[Records from a data collection]
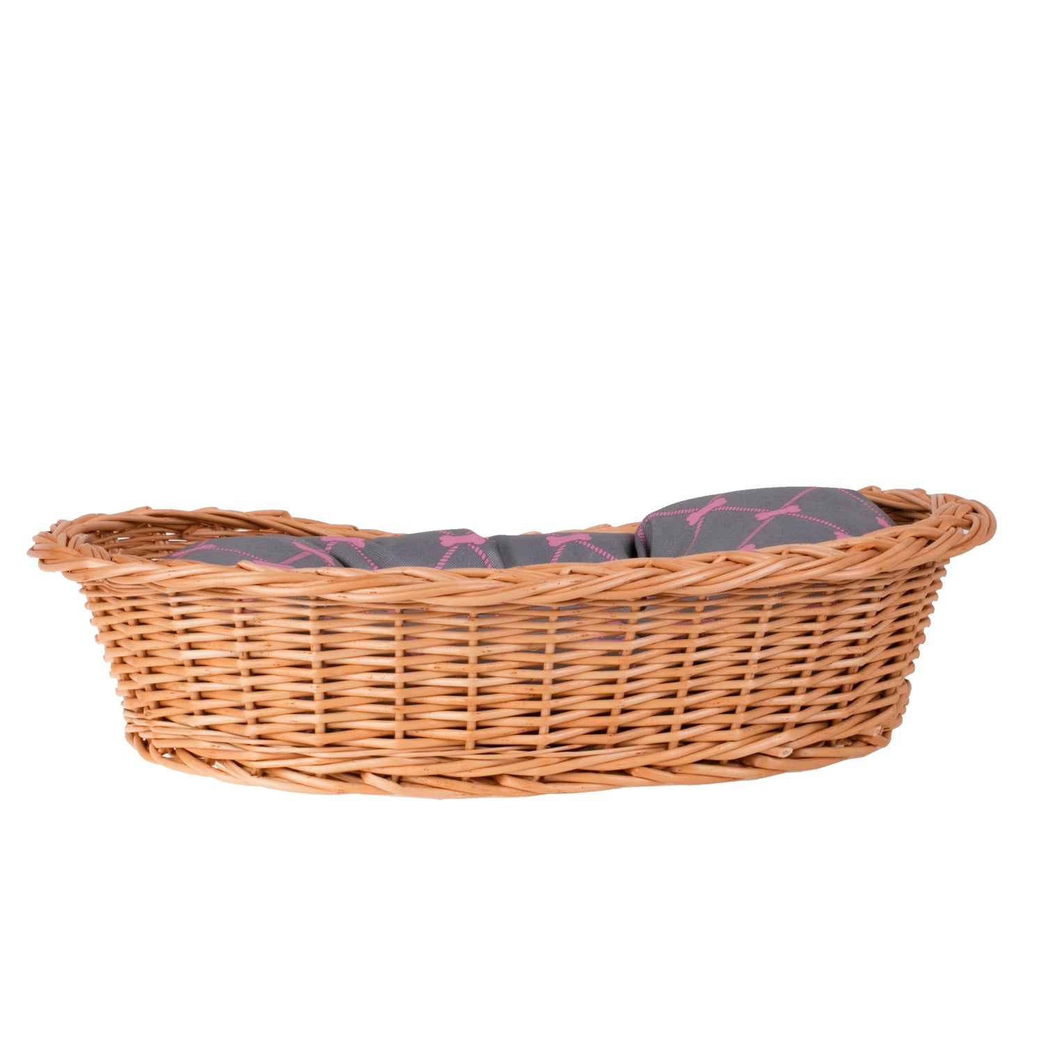 Enovia wiklinowy kosz dla psa i kota z poduszką, z niskim wejściem TheWickerStories
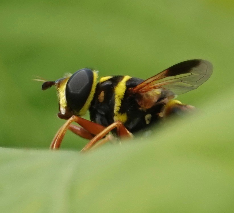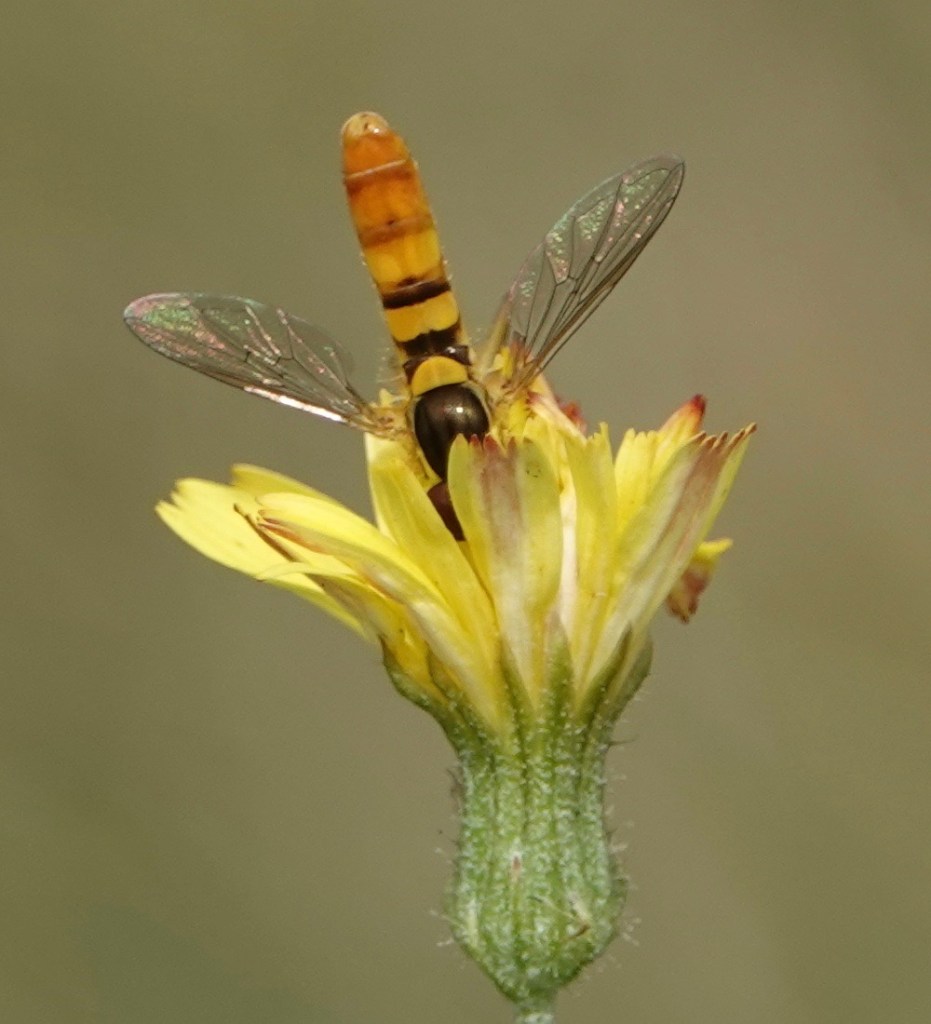 Carolinian Elegant/Meromacrus acutus–a wasp-mimicking fly usually found further south. This is the second NY state iNat observation, the first being seen a bit further up the Hudson two days earlier.
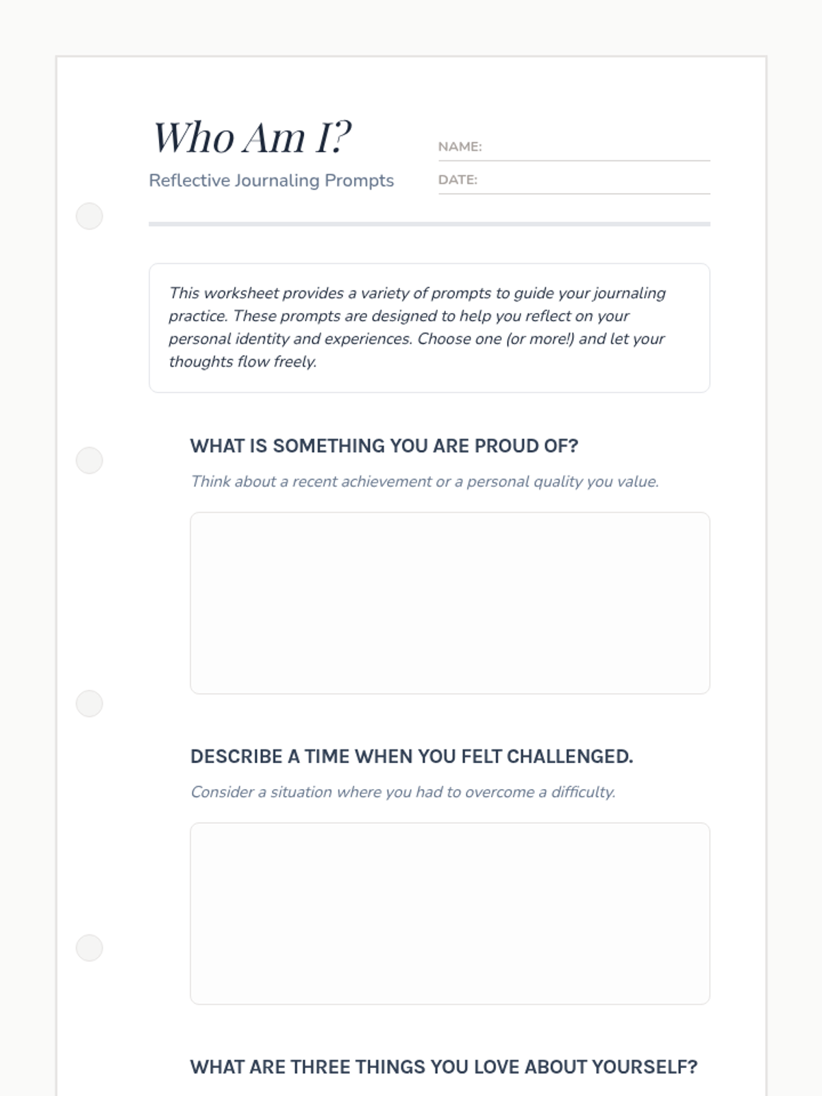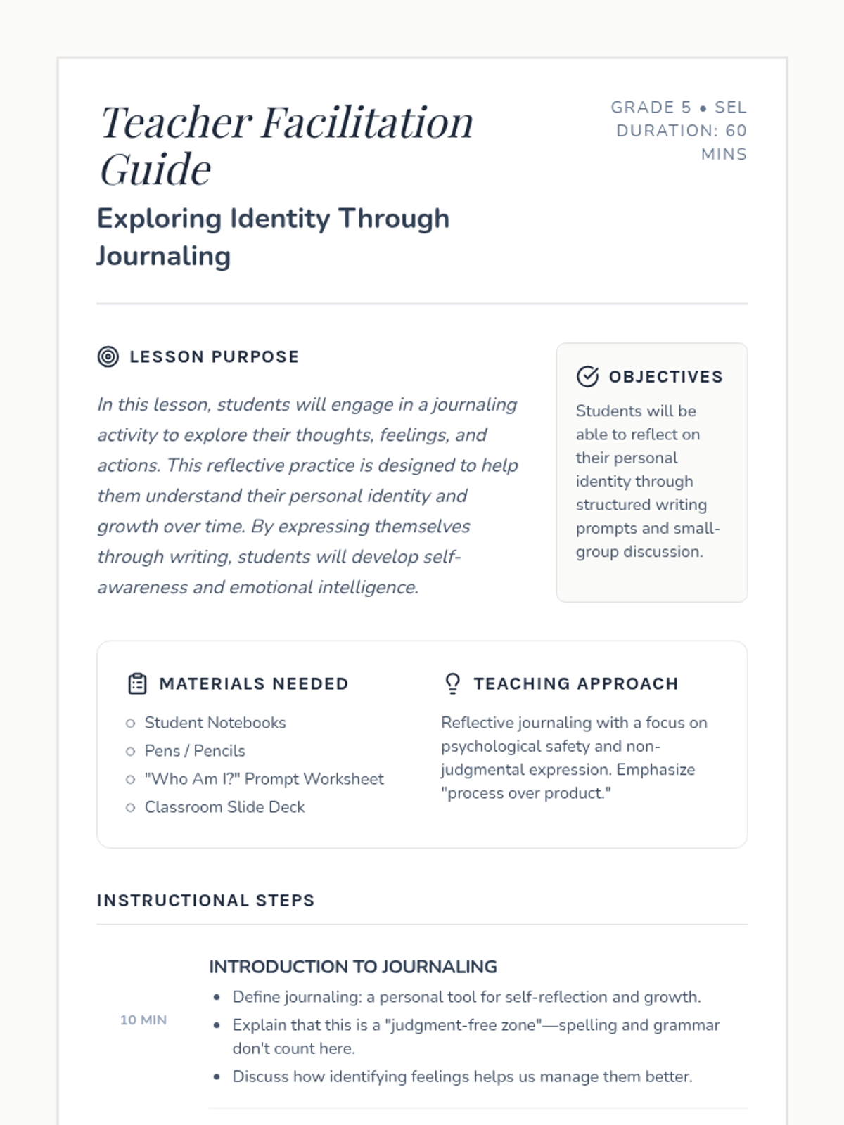 A lesson focused on self-reflection and emotional intelligence, where 5th-grade students use journaling to explore their personal identities, achievements, and future goals.
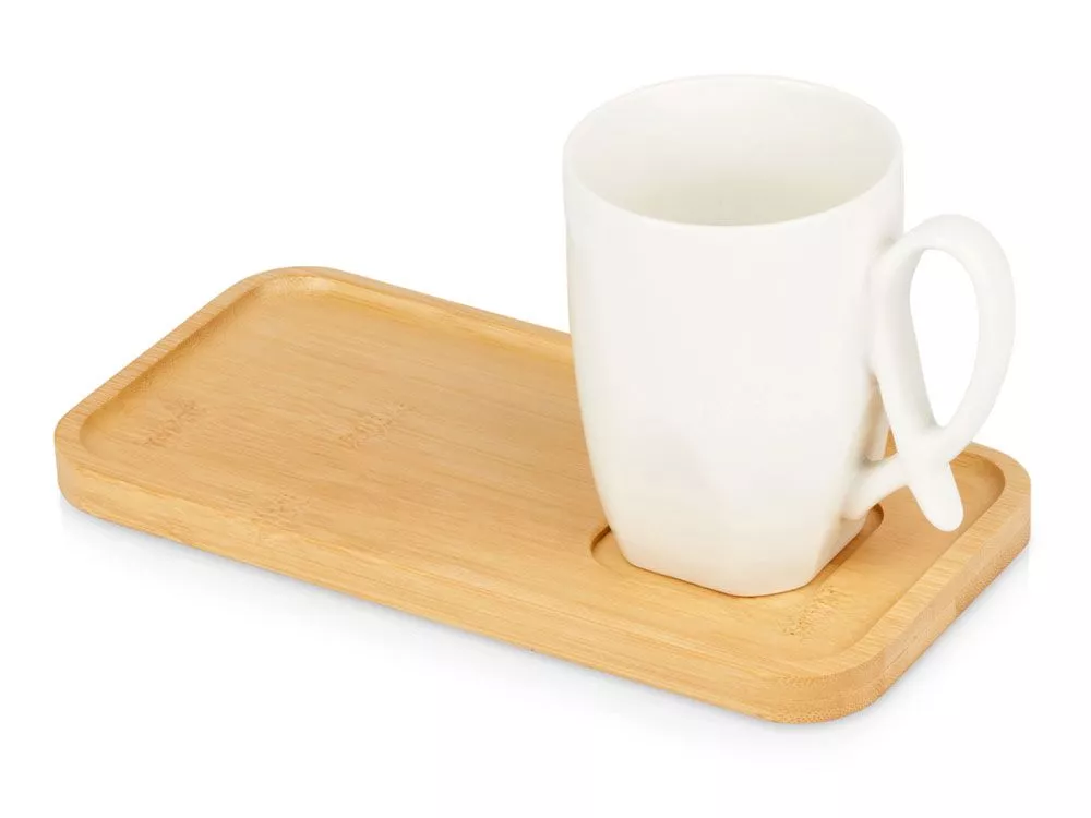 Бамбуковое блюдце имеет выемку для чашки, поэтому Deny можно аккуратно разместить на столе, не занимая много места. Также на блюдце удобно класть пирожные, шоколад или печенье благодаря его прямоугольной форме.
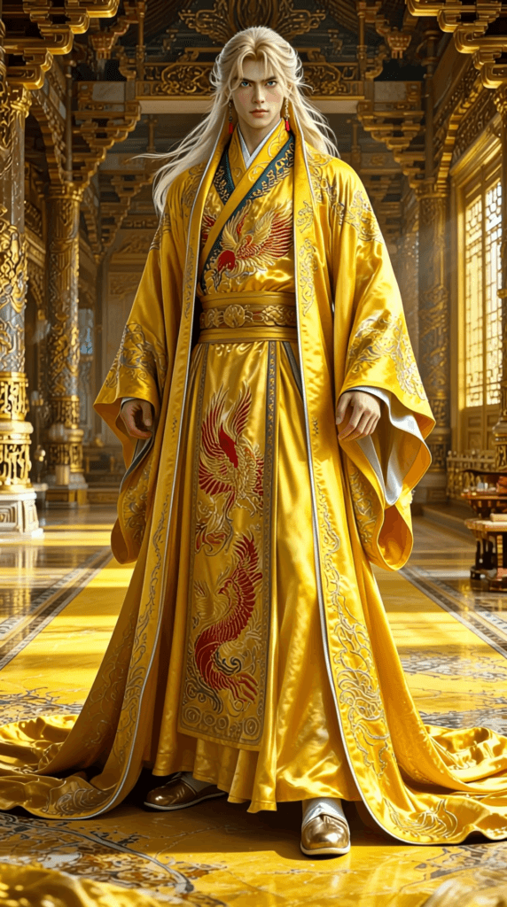 Architecture: Curved roofs with red glazed tiles, golden columns, lotus lakes, and pavilions adorned with the finest Shanlu silk. Each banner bears the image of a phoenix on a yellow background.
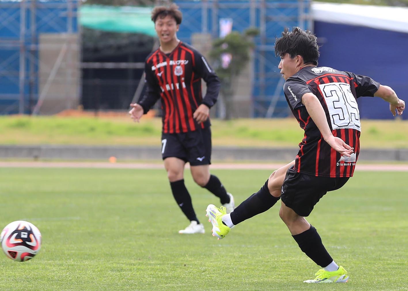 1月31日に札幌とのプロ契約発表後、初の対外試合となった原。初めて袖を通した赤黒のユニホームだったが、背番号「35」が入った試合用ユニホームは間に合わず、白地の臨時背番号を背負っての〝プロデビュー〟となった。
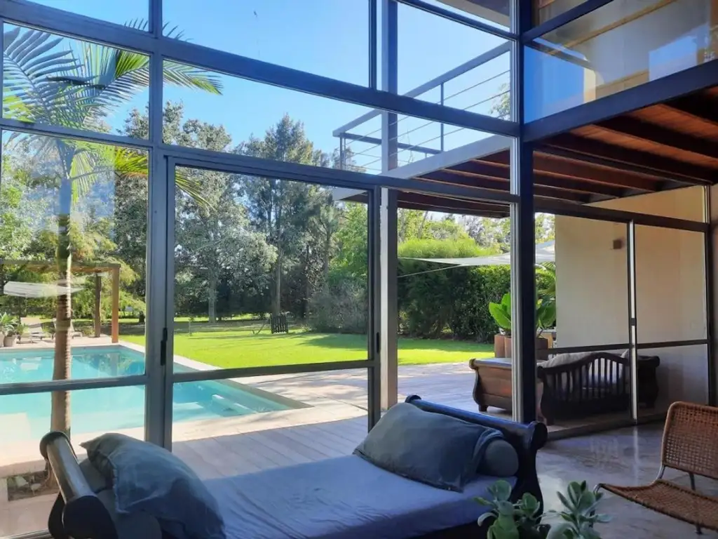 Galería con parrilla, jardín parquizado con riego por aspersión, pileta de 10 x 4 metros con cerco de seguridad para niños y solarium, creando un espacio ideal para disfrutar del aire libre y del verano con seguridad y confort.
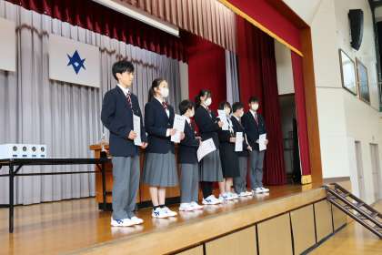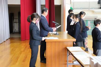 修了式前に行われた令和7年度前期生徒会役員の認証式の様子です。
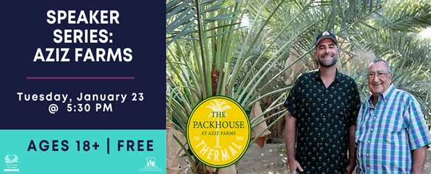 Speaker Series: Aziz Farms will take place Tuesday, January 23, at 5:30 P.M. In preparation for our Book Fest “An Ode to the Desert” come and listen to Aziz Farms, a local, family-owned date farm producing produce for local restaurants as well as Desert Sands Unified School District. Q&A session along with a small date tasting!
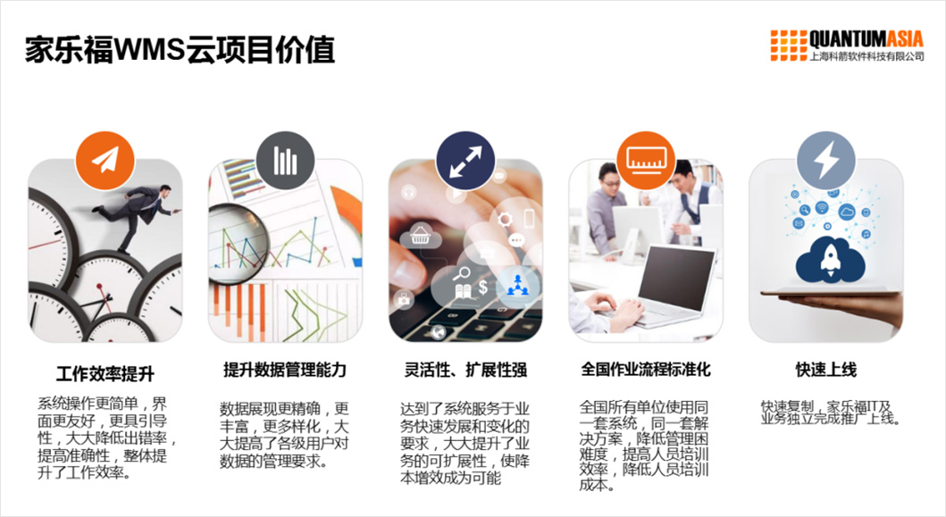 科箭為家樂(lè)福打造的WMS云項(xiàng)目幫助家樂(lè)福實(shí)現(xiàn)了工作效率的提升,數(shù)據(jù)管理能力的提升,具有靈活性、擴(kuò)展性強(qiáng)等特點(diǎn),能夠快速上線(xiàn),實(shí)現(xiàn)全國(guó)作業(yè)流程的標(biāo)準(zhǔn)化,不僅獲得了家樂(lè)福大陸地區(qū)的肯定,家樂(lè)福臺(tái)灣也對(duì)科箭的產(chǎn)品產(chǎn)生了極大的興趣和需求,決定使用科箭全系列產(chǎn)品替代原有的老舊系統(tǒng),除了解決與家樂(lè)福大陸地區(qū)WMS系統(tǒng)存在的同樣問(wèn)題,更好地應(yīng)對(duì)臺(tái)灣地區(qū)門(mén)店數(shù)量和供應(yīng)商更多等棘手問(wèn)題。

» Problem
Could you write out exactly the lines of the data above that run from the one holding "1月31日に札幌とのプロ契約" to the one holding "Galería con parrilla, jardín", with both ends in and all pictures out?

» Answer section
 1月31日に札幌とのプロ契約発表後、初の対外試合となった原。初めて袖を通した赤黒のユニホームだったが、背番号「35」が入った試合用ユニホームは間に合わず、白地の臨時背番号を背負っての〝プロデビュー〟となった。
 Galería con parrilla, jardín parquizado con riego por aspersión, pileta de 10 x 4 metros con cerco de seguridad para niños y solarium, creando un espacio ideal para disfrutar del aire libre y del verano con seguridad y confort.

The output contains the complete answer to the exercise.